Sounds good, even though the storyline is overly familiar. I met a man at my brother's low-income apartment by the name of Al Foster, he had a poor record but also fought some of the best of his era. He says he was Duran's sparring partner for 2 1/2 years. Fought Ray Lampkin and Esteban Dejesus. He's got some health problems that I can see, I don't know how much boxing had to do with it but probably a lot. I've always wondered why guys like him fight, I mean they will never get to the highest rung and they lose everything for nothing. With the Sugar Ray's and Ali's I could somewhat justify all that sacrifice but for some of these other guys i don't understand. Some of the fighters I've met, and I hate saying this, are just not very bright. All of them have damage, some have a glazed look in their eyes, of course the scars and features, some drool, some slur. Most of them seem at ease with their fates and incredibly sensitive as well as very knowledgable about their crafts. Most are softspoken, but they all have nothing financial to show for their sacrifice. I think Boone Kirkeman was working at a steel mill when I met him, I think Sugar Ray Seales was driving a dump truck a few years ago.
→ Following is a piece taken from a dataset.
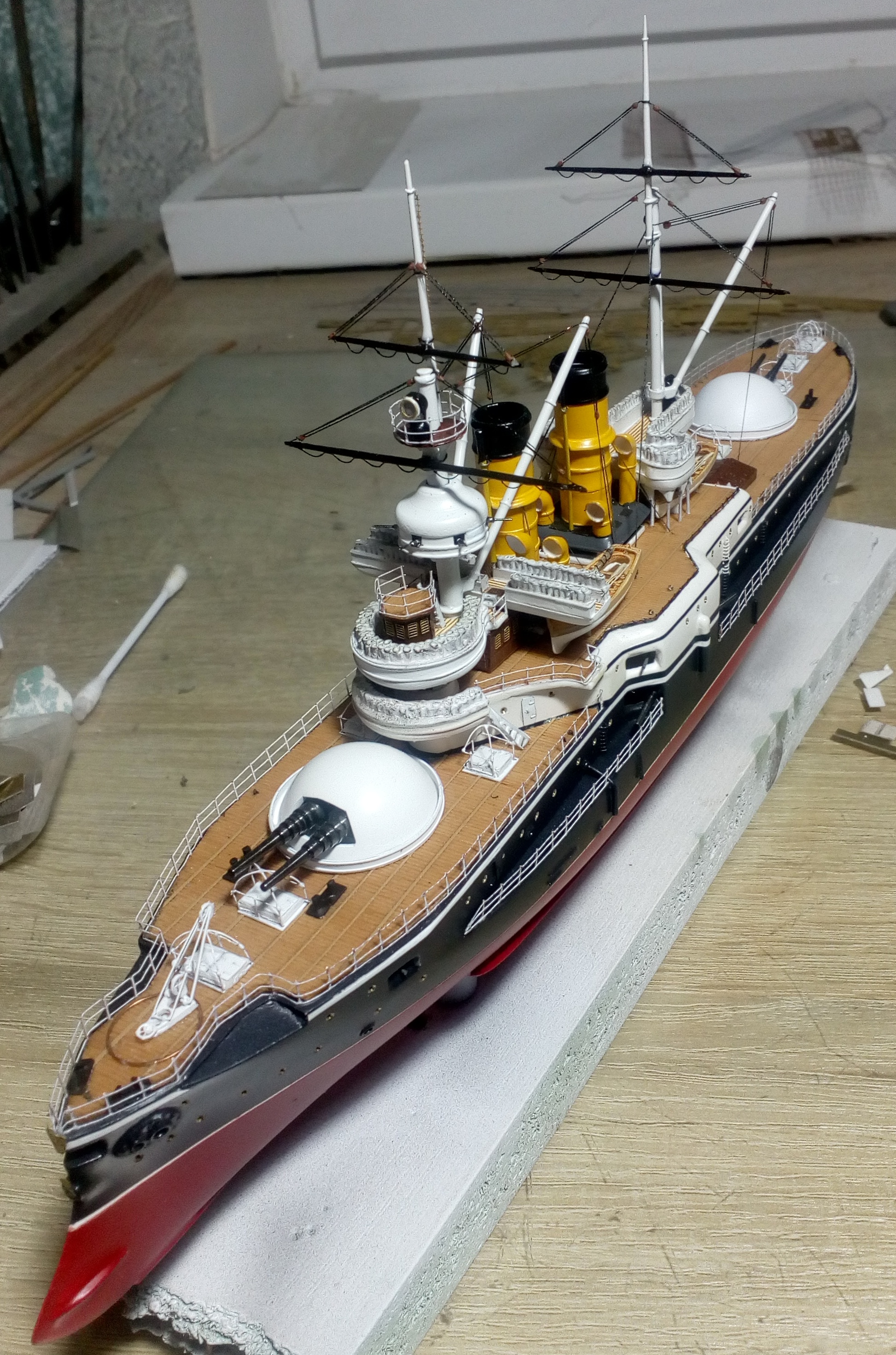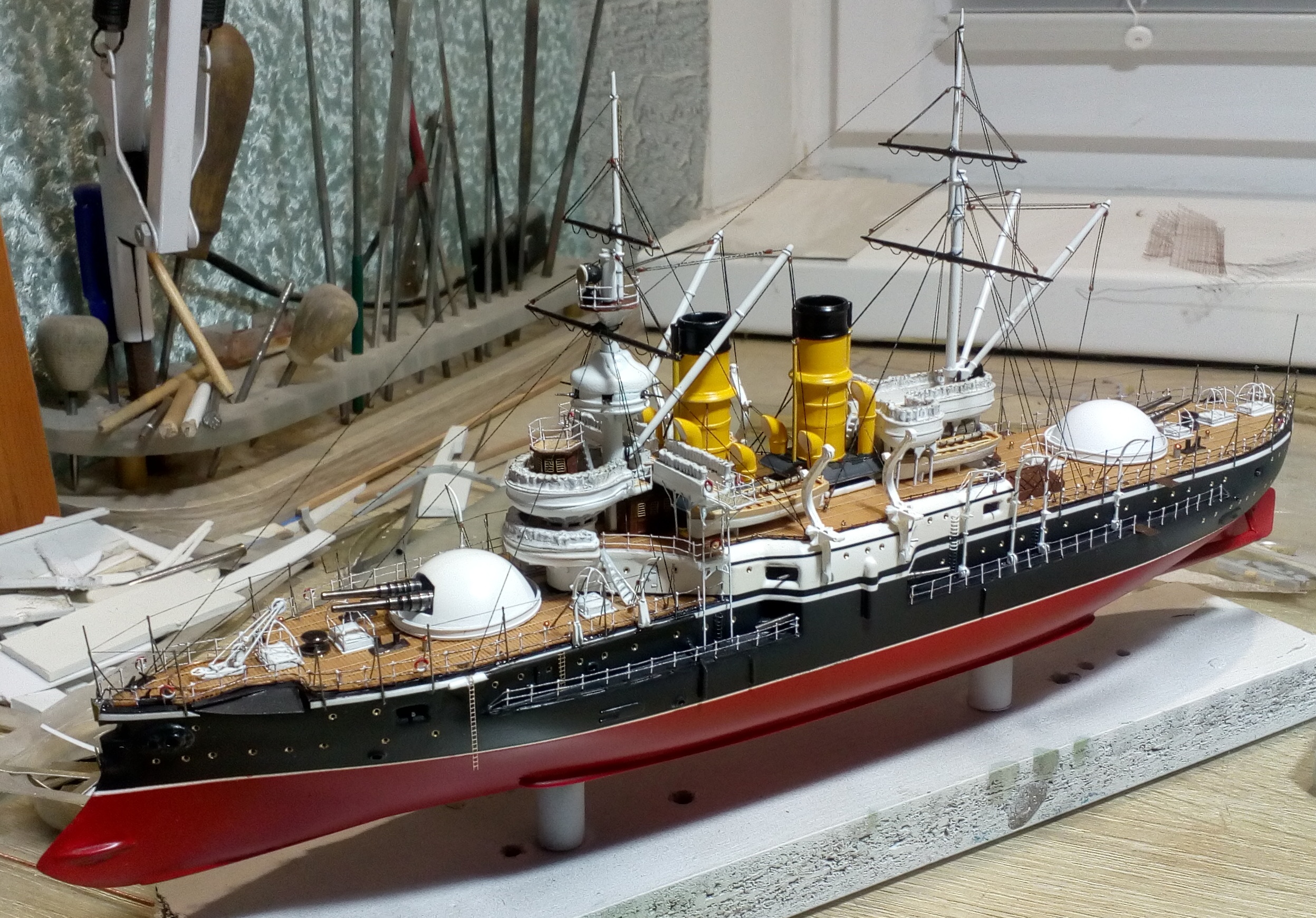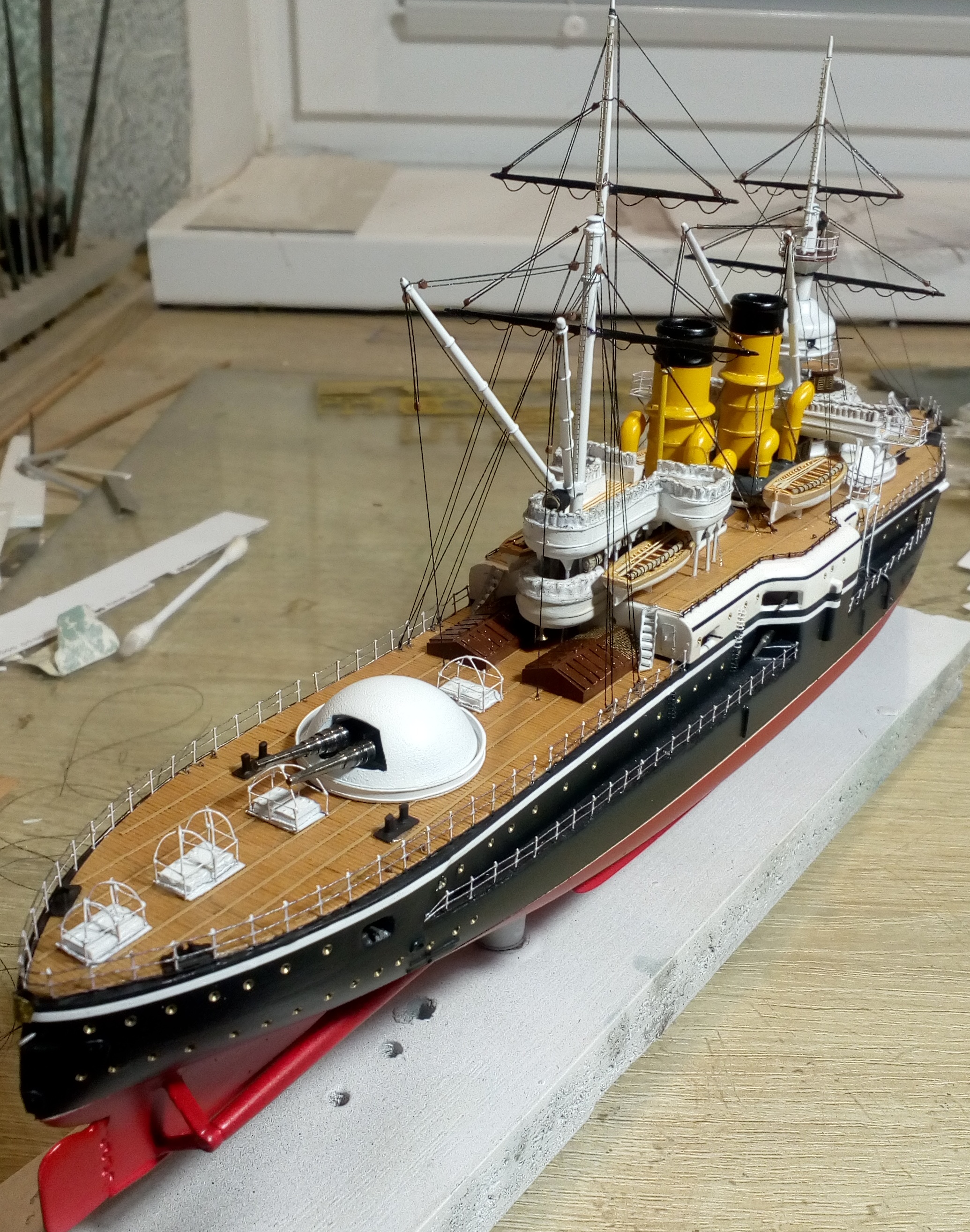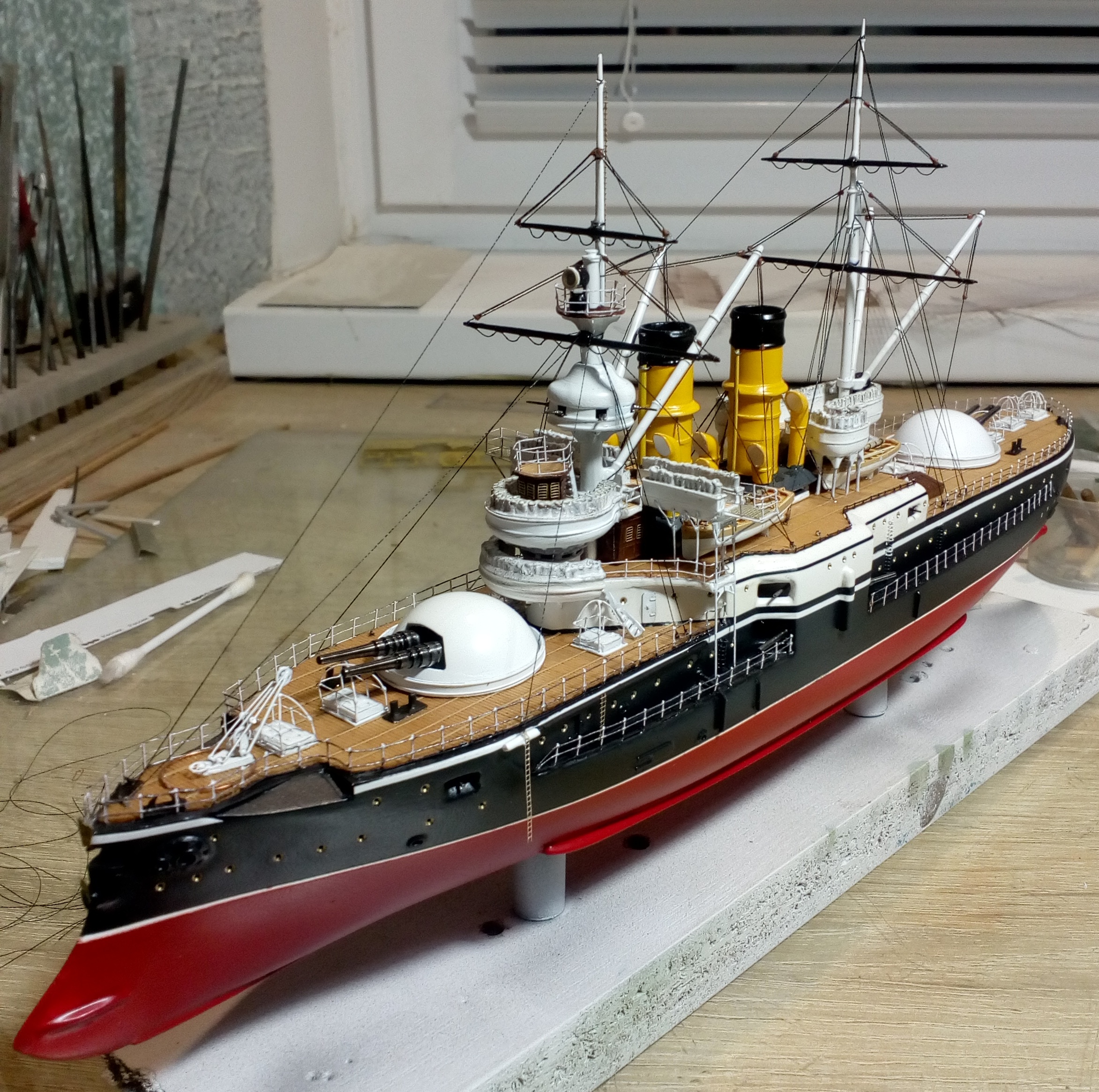 Были и черные стойки и белые и вообще без стоек. Но мне тоже больше с белыми нравиться. Сегодня 4 часа потратил на подкраску лееров, низ закрасил черным, а сами леера краской оружейная сталь. На фото она блестит, наверное не до конца подсохла, или от лампочки засветка. Переделывать точно уже не буду, задолбали меня эти леера. Ну и еще добавился стоячий такелаж.

More than a pension plan or any of that, they need men who can get them to listen to financial advice the same way they follow boxing advice. There really is not school to teach people about success, and the failures don't make much money either way. These men, in addition to being uneducated, naive, are also very young when this is going on. Now I consider myself a fairly bright guy but If I look back at what I was at 20 I'd have to say i was an idiot, at least until I was 30. It's a difficult situation. Can't be solved I don't think but maybe it can be managed a bit better. Boxing and danger will coexist as long as fights happen, no way around that. It kills me to see some of these men, really does.
 
Boxing/fighting looks like a very cool and easy way of making money for many guys in their late teens or early 20's,Until they discover the hardships of professional prizefighting by which case then they have become so adapted to the lifestyle of a fighter that it's just become a natural apart of their lives.A bad habit like smoking or drinking.Just a thought
 
Boxing/fighting looks like a very cool and easy way of making money for many guys in their late teens or early 20's,Until they discover the hardships of professional prizefighting by which case then they have become so adapted to the lifestyle of a fighter that it's just become a natural apart of their lives.A bad habit like smoking or drinking.Just a thought

I wouldn't doubt that the high of fighting can be addictive for men like Robinson, Ali etc.., I don't get what the losers gain though. There isn't much money involved or anything else for that matter, just senseless.
 
The article mentions Phil fought Sugar Ray Robinson...but it doesn't mention that both brothers actually BEAT Sugar Ray Robinson. Or that Denny actually twice won the light middleweight championship (WBA & WBC), and also has a win over Emile Griffith, and fought Carlos Monzon.